Absorption plays a critical role, reducing photon intensity as light penetrates deeper into the simulated medium. The structured variation in light intensity ensures that AI models can be trained to predict tissue properties from scattering patterns.
📖 How to Interpret and Use This Dataset Each image represents a Monte Carlo photon transport simulation, where photons undergo multiple scattering and absorption events. The brightness of each pixel corresponds to photon concentration, with brighter areas indicating regions of higher intensity.
Researchers can analyze images by filtering them based on optical properties, such as wavelength or scattering coefficient.
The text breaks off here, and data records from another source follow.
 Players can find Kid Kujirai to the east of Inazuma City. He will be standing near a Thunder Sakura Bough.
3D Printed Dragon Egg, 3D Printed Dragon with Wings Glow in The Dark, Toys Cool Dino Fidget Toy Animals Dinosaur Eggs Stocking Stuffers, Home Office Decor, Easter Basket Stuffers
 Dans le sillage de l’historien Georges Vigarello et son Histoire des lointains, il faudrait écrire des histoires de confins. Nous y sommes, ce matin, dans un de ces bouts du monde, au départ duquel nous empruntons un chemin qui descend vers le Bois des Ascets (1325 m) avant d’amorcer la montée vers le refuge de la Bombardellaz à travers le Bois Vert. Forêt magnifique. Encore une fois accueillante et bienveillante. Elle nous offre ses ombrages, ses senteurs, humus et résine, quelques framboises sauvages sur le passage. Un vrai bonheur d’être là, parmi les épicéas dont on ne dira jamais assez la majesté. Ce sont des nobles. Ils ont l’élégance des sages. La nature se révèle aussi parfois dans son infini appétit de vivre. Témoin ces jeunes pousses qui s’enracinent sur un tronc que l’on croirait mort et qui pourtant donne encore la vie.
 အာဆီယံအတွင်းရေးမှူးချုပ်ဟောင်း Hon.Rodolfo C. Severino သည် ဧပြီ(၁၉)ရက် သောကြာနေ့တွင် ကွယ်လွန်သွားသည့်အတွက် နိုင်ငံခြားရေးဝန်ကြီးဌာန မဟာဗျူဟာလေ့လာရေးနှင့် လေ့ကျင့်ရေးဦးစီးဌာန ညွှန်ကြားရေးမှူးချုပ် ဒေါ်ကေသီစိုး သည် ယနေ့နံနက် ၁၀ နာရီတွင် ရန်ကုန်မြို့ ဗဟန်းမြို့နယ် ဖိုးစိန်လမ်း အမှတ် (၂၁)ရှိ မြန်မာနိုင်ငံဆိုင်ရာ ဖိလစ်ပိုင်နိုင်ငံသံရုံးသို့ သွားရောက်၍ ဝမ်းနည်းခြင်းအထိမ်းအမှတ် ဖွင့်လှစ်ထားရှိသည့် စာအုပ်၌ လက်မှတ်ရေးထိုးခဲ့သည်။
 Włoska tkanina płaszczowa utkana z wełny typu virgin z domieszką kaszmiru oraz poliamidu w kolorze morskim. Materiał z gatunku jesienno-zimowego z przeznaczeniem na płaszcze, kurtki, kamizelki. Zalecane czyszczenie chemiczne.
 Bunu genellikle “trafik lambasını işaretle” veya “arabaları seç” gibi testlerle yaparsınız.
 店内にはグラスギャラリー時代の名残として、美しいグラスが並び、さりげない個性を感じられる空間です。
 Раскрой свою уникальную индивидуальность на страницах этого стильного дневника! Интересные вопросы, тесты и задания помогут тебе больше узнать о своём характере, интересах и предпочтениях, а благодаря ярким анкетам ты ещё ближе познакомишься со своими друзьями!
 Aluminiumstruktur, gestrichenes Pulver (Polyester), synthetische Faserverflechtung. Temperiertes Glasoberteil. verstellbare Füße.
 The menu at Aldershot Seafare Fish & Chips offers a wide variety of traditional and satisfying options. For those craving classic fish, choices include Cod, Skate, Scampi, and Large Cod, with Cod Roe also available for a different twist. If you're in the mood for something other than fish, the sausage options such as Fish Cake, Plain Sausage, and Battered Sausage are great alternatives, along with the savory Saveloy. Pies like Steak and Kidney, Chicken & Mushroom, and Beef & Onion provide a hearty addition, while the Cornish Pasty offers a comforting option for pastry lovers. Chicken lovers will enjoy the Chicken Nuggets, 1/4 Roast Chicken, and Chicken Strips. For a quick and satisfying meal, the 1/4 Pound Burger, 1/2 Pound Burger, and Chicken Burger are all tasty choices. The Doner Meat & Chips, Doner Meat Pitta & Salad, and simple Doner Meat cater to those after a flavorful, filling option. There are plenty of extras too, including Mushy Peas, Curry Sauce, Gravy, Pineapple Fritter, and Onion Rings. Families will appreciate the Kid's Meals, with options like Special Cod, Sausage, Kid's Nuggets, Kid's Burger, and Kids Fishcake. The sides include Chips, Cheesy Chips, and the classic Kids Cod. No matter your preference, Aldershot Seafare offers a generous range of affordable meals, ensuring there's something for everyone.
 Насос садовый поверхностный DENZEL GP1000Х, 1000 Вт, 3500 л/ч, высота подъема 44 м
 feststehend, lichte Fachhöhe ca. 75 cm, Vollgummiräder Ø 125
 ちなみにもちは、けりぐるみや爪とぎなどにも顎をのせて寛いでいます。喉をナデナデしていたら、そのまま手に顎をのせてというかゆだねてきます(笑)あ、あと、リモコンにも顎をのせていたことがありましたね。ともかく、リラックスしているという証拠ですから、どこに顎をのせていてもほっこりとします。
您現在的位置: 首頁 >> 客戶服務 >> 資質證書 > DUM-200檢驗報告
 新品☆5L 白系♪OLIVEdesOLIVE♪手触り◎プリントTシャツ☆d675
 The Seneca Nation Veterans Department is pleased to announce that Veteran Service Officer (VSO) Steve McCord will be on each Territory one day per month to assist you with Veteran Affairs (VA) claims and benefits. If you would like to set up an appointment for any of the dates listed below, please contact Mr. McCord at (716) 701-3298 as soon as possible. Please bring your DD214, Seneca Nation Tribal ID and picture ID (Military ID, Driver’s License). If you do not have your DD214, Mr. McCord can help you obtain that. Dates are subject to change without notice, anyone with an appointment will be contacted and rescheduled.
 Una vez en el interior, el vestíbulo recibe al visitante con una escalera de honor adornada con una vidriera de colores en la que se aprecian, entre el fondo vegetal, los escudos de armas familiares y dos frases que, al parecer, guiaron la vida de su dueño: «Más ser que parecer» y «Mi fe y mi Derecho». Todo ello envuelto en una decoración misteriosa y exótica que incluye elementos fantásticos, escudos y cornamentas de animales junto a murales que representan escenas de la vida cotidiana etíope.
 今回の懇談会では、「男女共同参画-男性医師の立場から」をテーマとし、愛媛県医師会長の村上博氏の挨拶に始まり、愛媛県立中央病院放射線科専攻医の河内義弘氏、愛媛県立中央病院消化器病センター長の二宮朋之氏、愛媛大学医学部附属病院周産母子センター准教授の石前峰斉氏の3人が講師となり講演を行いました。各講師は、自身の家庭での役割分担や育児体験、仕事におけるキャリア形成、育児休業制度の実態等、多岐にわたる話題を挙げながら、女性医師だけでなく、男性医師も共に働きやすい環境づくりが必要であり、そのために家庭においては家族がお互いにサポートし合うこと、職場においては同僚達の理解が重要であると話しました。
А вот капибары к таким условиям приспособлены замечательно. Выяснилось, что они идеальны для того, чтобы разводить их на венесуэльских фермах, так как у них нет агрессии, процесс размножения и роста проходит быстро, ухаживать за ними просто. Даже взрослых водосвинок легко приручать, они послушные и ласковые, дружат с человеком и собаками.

AI models can use the dataset for training in tissue classification and reconstruction of subsurface structures. The dataset is also valuable for validating Monte Carlo-based light transport models by comparing the generated images to experimental optical imaging data.
📌 Applications and Use Cases This dataset is applicable to biomedical optics, AI-driven medical imaging, and laser-tissue interaction studies. It provides training data for AI models used in OCT and laser scanning microscopy. In physics and engineering, it supports the study of light transport in scattering media.
For AI research, the dataset enables training deep learning models to classify tissue structures based on scattering properties. It is also useful for developing AI algorithms that reconstruct subsurface tissue features from optical measurements.